DATA SEGMENT
◇ ◇ ◇ ◇ ◇ ◇ ◇
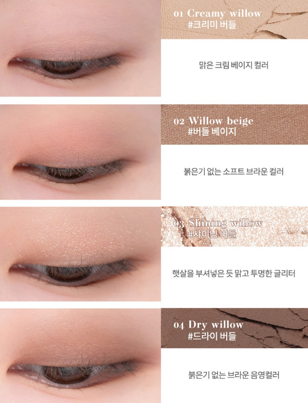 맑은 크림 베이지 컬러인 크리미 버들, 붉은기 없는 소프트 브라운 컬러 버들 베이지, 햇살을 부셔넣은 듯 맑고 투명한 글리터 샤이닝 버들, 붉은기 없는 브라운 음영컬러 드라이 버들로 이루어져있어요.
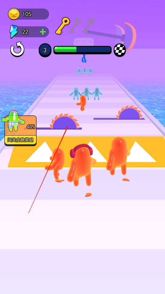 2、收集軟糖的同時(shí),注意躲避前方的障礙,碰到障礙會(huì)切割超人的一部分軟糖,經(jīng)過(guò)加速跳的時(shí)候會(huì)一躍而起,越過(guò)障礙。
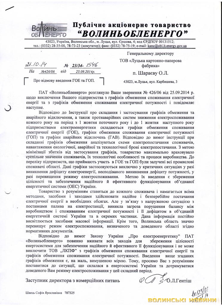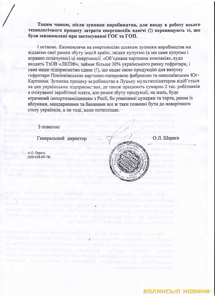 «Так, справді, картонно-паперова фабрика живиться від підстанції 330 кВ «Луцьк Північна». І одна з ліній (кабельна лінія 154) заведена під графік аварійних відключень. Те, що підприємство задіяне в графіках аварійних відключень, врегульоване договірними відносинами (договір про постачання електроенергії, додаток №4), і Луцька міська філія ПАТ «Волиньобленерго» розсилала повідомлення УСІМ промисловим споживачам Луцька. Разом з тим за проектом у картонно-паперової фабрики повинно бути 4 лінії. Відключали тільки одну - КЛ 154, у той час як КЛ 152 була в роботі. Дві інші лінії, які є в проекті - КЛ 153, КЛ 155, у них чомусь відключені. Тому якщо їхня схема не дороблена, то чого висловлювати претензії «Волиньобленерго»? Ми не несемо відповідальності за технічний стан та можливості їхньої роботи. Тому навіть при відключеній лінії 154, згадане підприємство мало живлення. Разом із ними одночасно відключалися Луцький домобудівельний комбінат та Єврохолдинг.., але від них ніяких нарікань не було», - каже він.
◇ ◇ ◇ ◇ ◇ ◇ ◇
ASSIGNMENT
The listing above should be repeated word for word, pictures removed.

SOLUTION TO THIS TASK
 맑은 크림 베이지 컬러인 크리미 버들, 붉은기 없는 소프트 브라운 컬러 버들 베이지, 햇살을 부셔넣은 듯 맑고 투명한 글리터 샤이닝 버들, 붉은기 없는 브라운 음영컬러 드라이 버들로 이루어져있어요.
 2、收集軟糖的同時(shí),注意躲避前方的障礙,碰到障礙會(huì)切割超人的一部分軟糖,經(jīng)過(guò)加速跳的時(shí)候會(huì)一躍而起,越過(guò)障礙。
 «Так, справді, картонно-паперова фабрика живиться від підстанції 330 кВ «Луцьк Північна». І одна з ліній (кабельна лінія 154) заведена під графік аварійних відключень. Те, що підприємство задіяне в графіках аварійних відключень, врегульоване договірними відносинами (договір про постачання електроенергії, додаток №4), і Луцька міська філія ПАТ «Волиньобленерго» розсилала повідомлення УСІМ промисловим споживачам Луцька. Разом з тим за проектом у картонно-паперової фабрики повинно бути 4 лінії. Відключали тільки одну - КЛ 154, у той час як КЛ 152 була в роботі. Дві інші лінії, які є в проекті - КЛ 153, КЛ 155, у них чомусь відключені. Тому якщо їхня схема не дороблена, то чого висловлювати претензії «Волиньобленерго»? Ми не несемо відповідальності за технічний стан та можливості їхньої роботи. Тому навіть при відключеній лінії 154, згадане підприємство мало живлення. Разом із ними одночасно відключалися Луцький домобудівельний комбінат та Єврохолдинг.., але від них ніяких нарікань не було», - каже він.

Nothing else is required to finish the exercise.